Let us first consider what happens when we consider an angle between a random Gaussian vector $\mathbf{z}\sim \mathcal{N}(\mathbf{0}, \mathbf{I})$ and an arbitrary but fixed vector $\mathbf{x}$ of length $l = \|\mathbf{x}\|_2.$ We will show below that they are near-orthogonal with high probability.

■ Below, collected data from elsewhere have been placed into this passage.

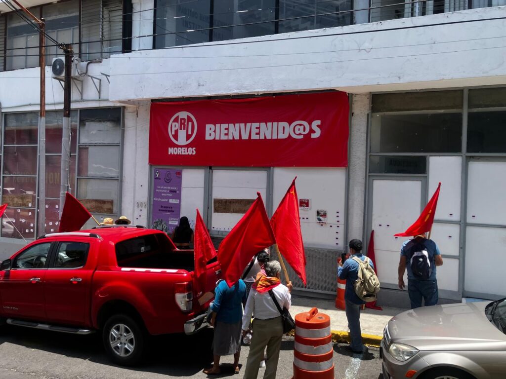 Militantes del Partido Comunista de México realizaron un acto de repudio afuera de las oficinas del PRI Morelos.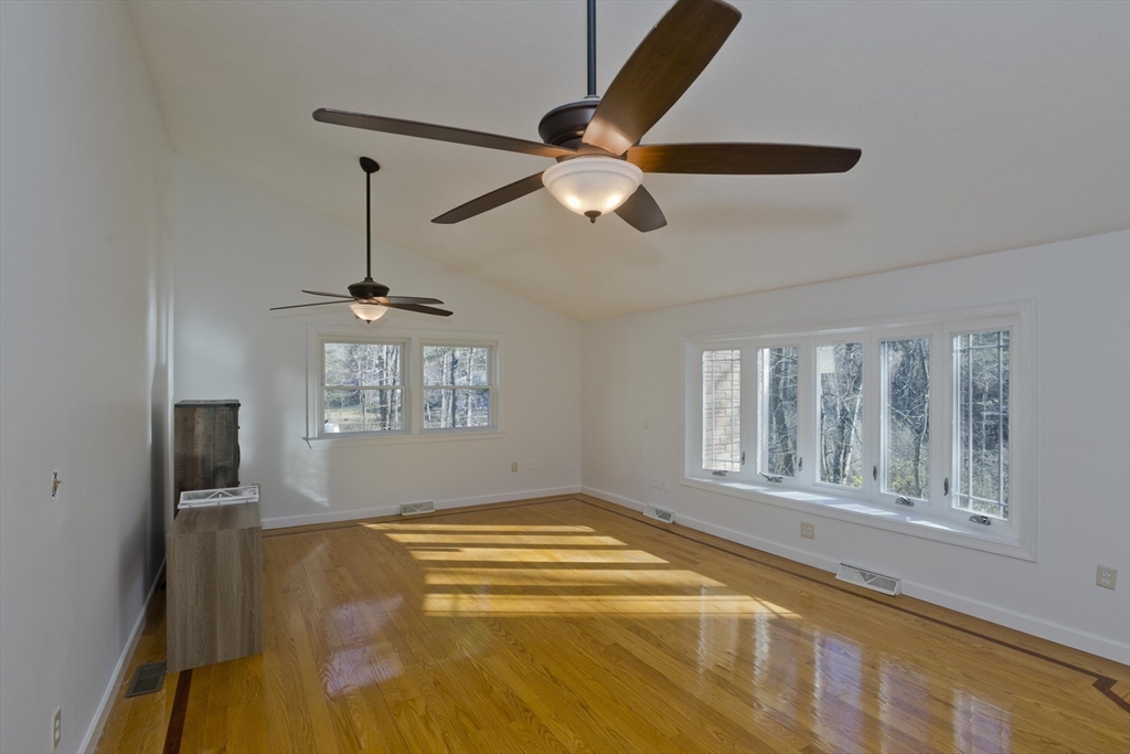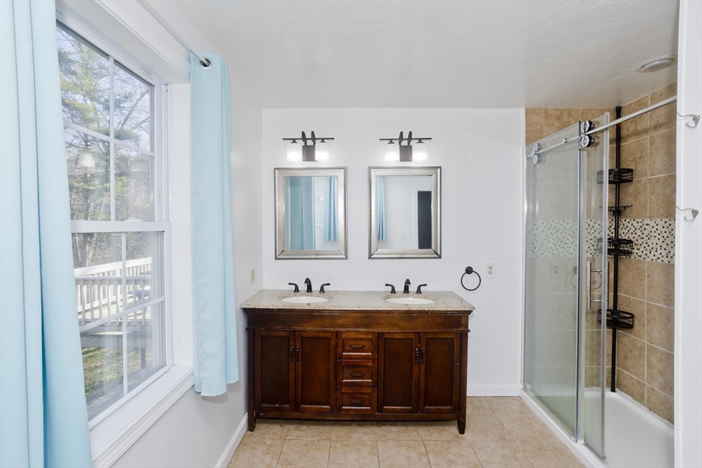 This expansive custom-built home offers an exceptional amount of living space and flexibility. A grand foyer leads to the sprawling main level complete with a skylit living room and oversized family room both featuring vaulted ceilings. Formal dinning area and spacious eat-in kitchen with glazed cabinetry, granite countertops, working island and convection wall oven are perfect for a large family or entertaining. Primary suite features double vanity, low profile tiled shower with glass door and large walk-in closet, while a private bedroom wing includes three additional bedrooms—two with shared access to private full bath. Main level also includes a half bath and laundry room. A beautifully renovated lower-level with separate laundry and access to 2-car garage allow for fifth bedroom or private guest area. Enjoy outdoor living on the elevated deck overlooking a private yard or make use of the additional heated, commercial size multi-vehicle garage bay.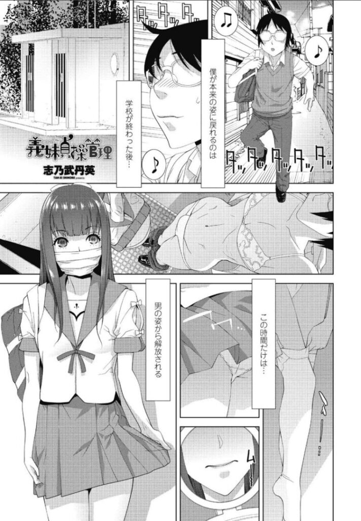 志乃武丹英「義妹貞操管理」義妹に強●されていた女装はいつしか本来の自分の姿と思えるようになっていた。だけど陰茎を押し込めるフラット貞操帯で一週間も勃起を禁じられたのは苦しくて、外して欲しいと懇願するのだが…。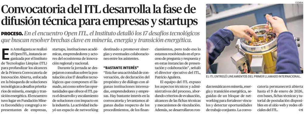 Open ITL profundiza los 17 desafíos tecnológicos de la primera convocatoria de innovación abierta - (elreporterodeiquique)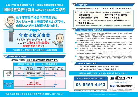 令和4年度「先進的省エネルギー投資促進支援事業費補助金」国庫債務負担行為分(年度またぎ事業)の概要は、以下のパンフレットをご確認ください。

Proof We use Chernoff's method again to prove this lemma. To do so, we compute $\mathbb{E}[e^{\lambda \mathbf{z}^\top \mathbf{x}}].$ As before, we notice that the entries of $\mathbf{z}$ are independent, and using that $\mathbf{z}^\top \mathbf{x} = \sum_{i=1}^d z_i x_i,$ we can write
$$ \mathbb{E}[e^{\lambda \mathbf{z}^\top \mathbf{x}}] = \mathbb{E}[e^{\lambda z_1 x_1}e^{\lambda z_2 x_2}\cdots e^{\lambda z_d x_d}] = \mathbb{E}[e^{\lambda z_1 x_1}]\mathbb{E}[e^{\lambda z_2 x_2}]\cdots \mathbb{E}[e^{\lambda z_d x_d}]. $$We have already computed the MGF of a univariate standard Gaussian before, so to avoid repetition, we observe that in this case instead of being multiplied by $\lambda,$ each Gaussian $z_i$ for $i = 1, 2, \dots, d$ is multiplied by $\lambda x_i,$ which is just another constant as all entries $x_i$ are fixed. Thus, we can conclude that
$$ \mathbb{E}[e^{\lambda z_i x_i}] = e^{\frac{\lambda^2 x_i^2}{2}}, \;\; \forall i = 1, 2, \dots, d, $$and, as a result, we can further conclude that
$$ \mathbb{E}[e^{\lambda \mathbf{z}^\top \mathbf{x}}] = e^{\frac{\lambda^2 (x_1^2 + x_2^2 + \dots + x_d^2)}{2}} = e^{\frac{\lambda^2 l^2}{2}}, $$where we used that $\|\mathbf{x}\|_2^2 = x_1^2 + x_2^2 + \dots + x_d^2 = l^2,$ which holds by the lemma assumption. We can conclude that $\mathbf{z}^\top \mathbf{x}$ is $l^2$-subgaussian and apply the Chernoff bound we had derived before.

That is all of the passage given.